A new study has revealed that the vast majority of Germans do not see the migrants coming across the Mediterranean as legitimate refugees and want to see them deported back to North Africa.
The study, conducted by research institute Civey shows that 69.8 per cent of Germans do not regard the migrants rescued and transported by NGOs in the Mediterranean as legitimate refugees despite claims from the NGOs themselves.
Many of the NGOs have called for Germany to stop cooperating with the Libyan coastguard which has been turning back migrant boats, but according to the survey, most Germans disagree with them, Die Welt reports.
When the survey data is broken down by age, it shows that the largest section of those who want to return the migrants to North Africa are aged 65 and older at 74.6 per cent. The data also differs depending on the region of Germany the participant comes from with East Germans being the most favourable to deportations.
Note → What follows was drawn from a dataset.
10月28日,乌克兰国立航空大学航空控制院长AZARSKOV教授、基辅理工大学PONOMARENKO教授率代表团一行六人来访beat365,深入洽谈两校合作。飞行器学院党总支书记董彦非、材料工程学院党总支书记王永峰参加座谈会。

Along political lines, a majority of members of all parties support the deportation of Mediterranean migrants except for the left-wing Green party with only 34.7 per cent approving of the idea and 48.8 per cent rejecting the idea.
The Green party have long been in favour of the NGOs and their rescue missions in the Mediterranean, including Hamburg Green politician Anna Gallina who joined the crew of the Sea Eye NGO earlier this year. Ms. Gallina justified her actions saying: “I am going to Libya in the next few weeks because I want to contribute to the salvation of the people.”
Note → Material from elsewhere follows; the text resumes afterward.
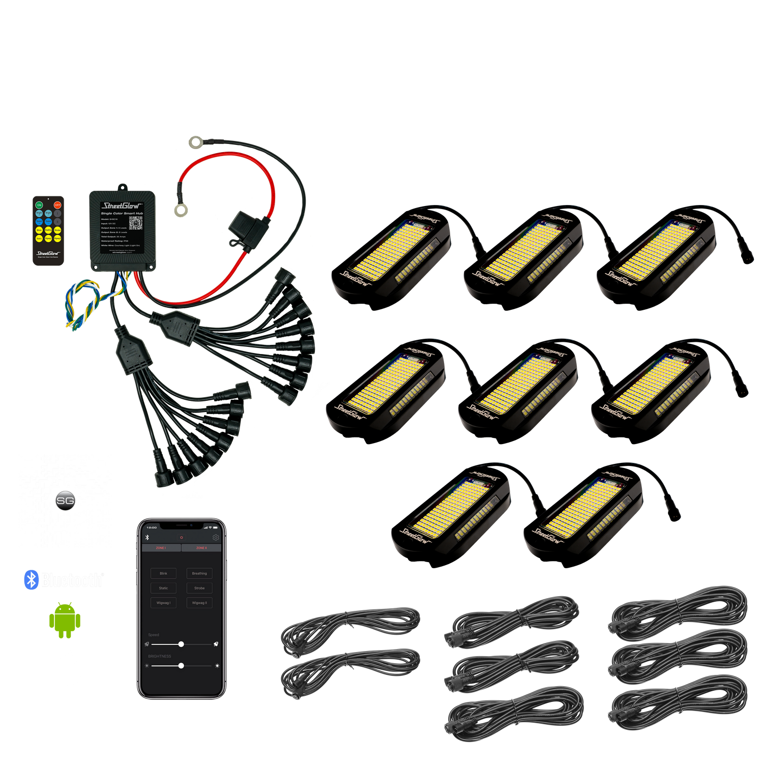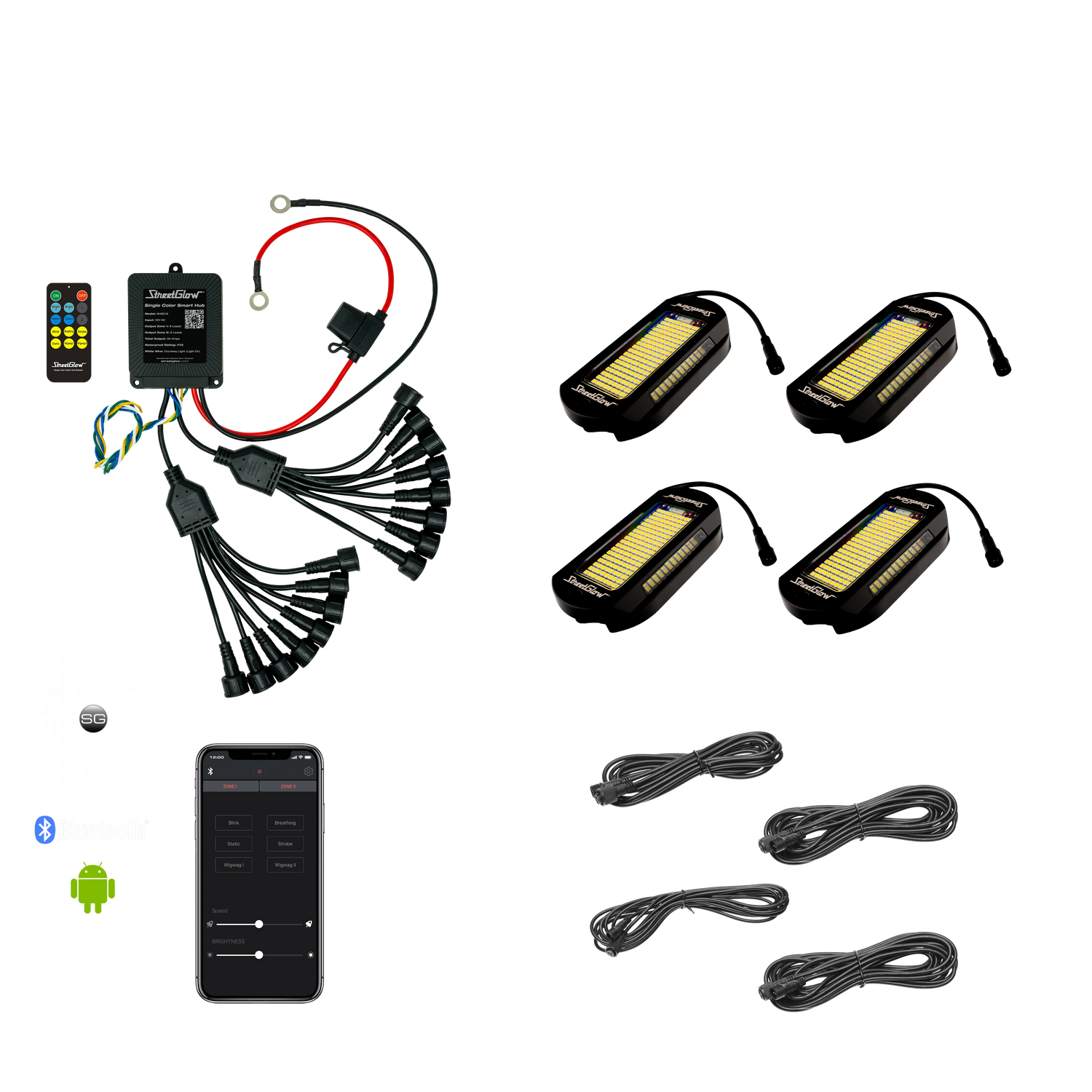 Upgrade your off-road rig with StreetGlow LED Rock Light Kits. Designed for trucks, Jeeps, ATVs, and UTVs, these smart pod rock lights deliver brilliant underbody illumination that’s fully waterproof and built to withstand the harshest trails: each Rock Light (Smart Pod) is waterproof, durable, and designed to handle mud, rocks, and vibration. The included Smart Hub allows you to control lighting modes, colors, and synchronization across multiple pods via remote or smartphone app. Available in 4-, 8-, or 12-Pod Kits, these plug-and-play setups make installation quick and easy while giving your ride a head-turning glow.

The survey deeply divided the far-left Die Linke, or Left Party, with the number of those agreeing and disagreeing being close to equal. Some members of the far-left party, which finds its origins in the Communist party of former East Germany, have been against mass migration while others like Left Party politician Diether Dehm are so pro-migrant that Dehm was accused of smuggling migrants himself.
Perhaps least surprisingly, anti-mass migration Alternative for Germany (AfD) members voted 98.8 percent in favour of deporting Mediterranean migrants. The AfD has consistently been against mass migration and for the strengthening of Germany’s borders since the start of the migrant crisis.
A new poll, from Insa, shows the AfD regaining some of the momentum they had in regional and local elections last year. The poll shows the party once again in third place nationally behind German Chancellor Angela Merkel’s Christian Democrat/Christian Social Union (CDU/CSU) coalition and the Social Democrats (SPD) led by former European Union parliament president Martin Schulz.